Example: Upload user_name and zip_code

arel = User.where(country_code: 'US')                                            
job.upload_arel(arel, :user_name, :zip_code)                  

Mongoid Queries

Upload the result of a MongoDB query to the input collection for processing. Useful when an entire MongoDB collection, or part thereof needs to be processed by a job.

Returns [Integer] the number of records uploaded

If a Block is supplied it is passed the document returned from the database and should return a record for processing.

If no Block is supplied then the record will be the :fields returned from MongoDB.

Notes:

This method uses the collection directly and not the Mongoid document to avoid the overhead of constructing a model with every document returned by the query.
The Block must return types that can be serialized to BSON.
- Valid Types: Hash | Array | String | Integer | Float | Symbol | Regexp | Time
- Invalid: Date, etc.
- With a Hash, the keys must be strings and not symbols.

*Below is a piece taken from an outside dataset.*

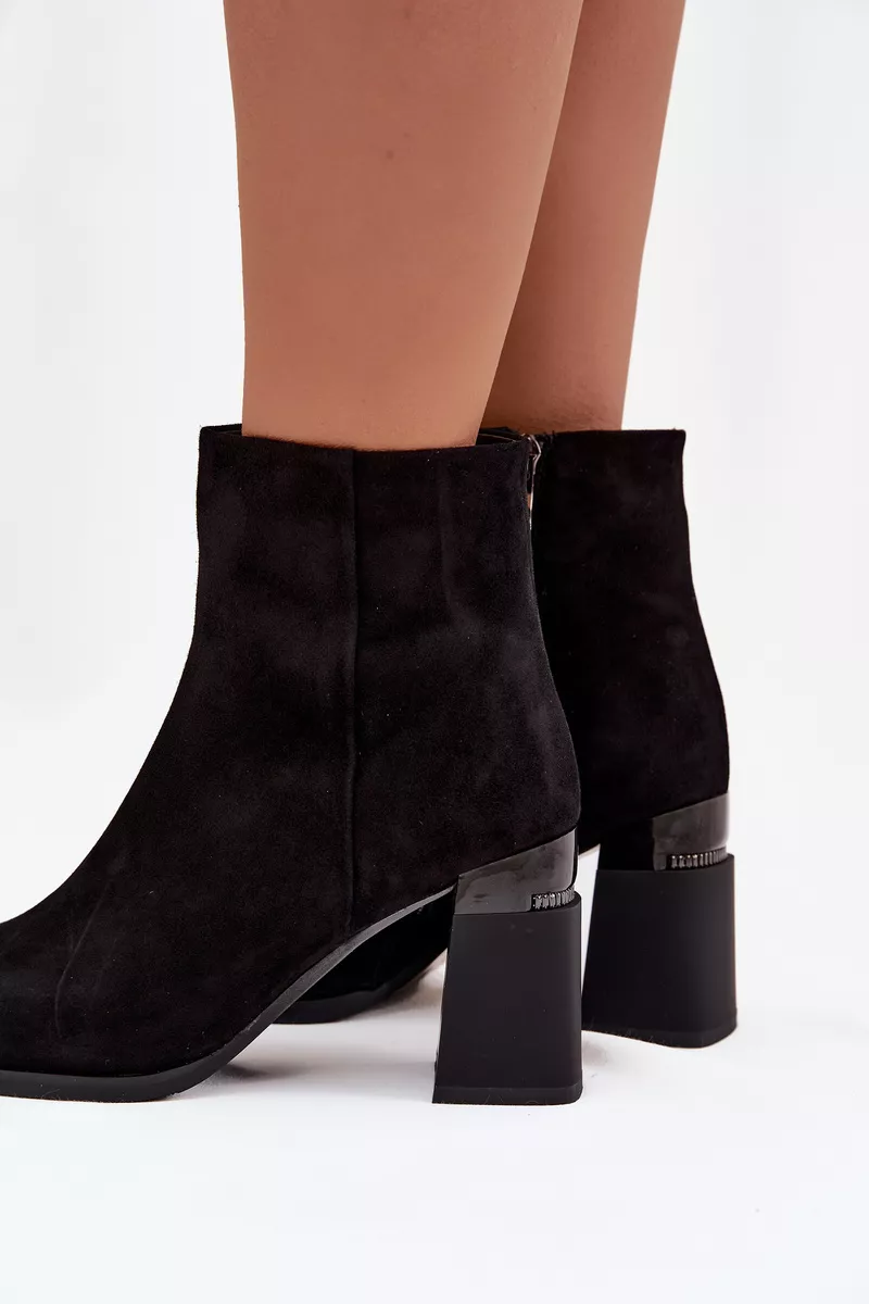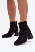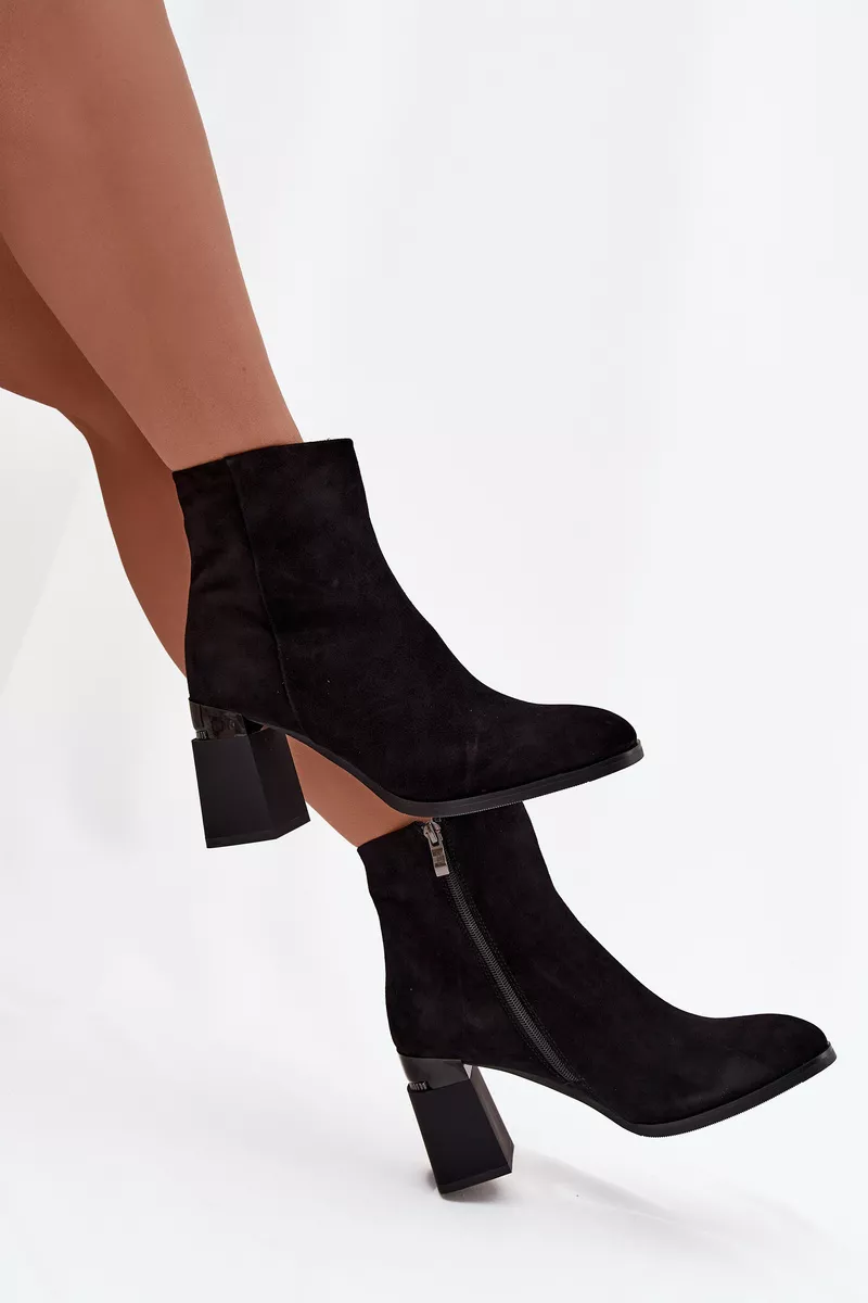 Šie moteriški odiniai batai iš natūralios zomšos yra puiki klasikinės elegancijos ir kasdienio komforto harmonija. Pagaminti iš aukštos kokybės medžiagos, jie suteikia stilingą išvaizdą, tinkančią įvairioms progoms. Modelis, sukurtas ant stabilaus kailio kulno, gražiai pabrėžia siluetą, tuo pačiu užtikrinant patogumą visą dieną. Šie batai turi praktišką užtrauktuką, kuris palengvina jų uždėjimą ir nuėmimą, o nežymiai užapvalinti smaigai sustiprina klasikinį įvaizdį. Vidus šildo šaltomis dienomis, todėl šis modelis yra idealus pasirinkimas rudenį ir žiemą.

Example: Upload document ids

criteria = User.where(state: 'FL')
job.upload_mongo_query(criteria)

Example: Specify one or more columns other than just the document id to upload:

criteria = User.where(state: 'FL')
job.upload_mongo_query(criteria, :zip_code)

Upload Block

When a block is supplied, it is given a record stream into which individual records can be written.

Upload by writing records one at a time to the upload stream.

job.upload do |writer|
  10.times { |i| writer << i }
end

Batch Job Throttling

Throttle the number of workers that can work on a batch job instance at any time.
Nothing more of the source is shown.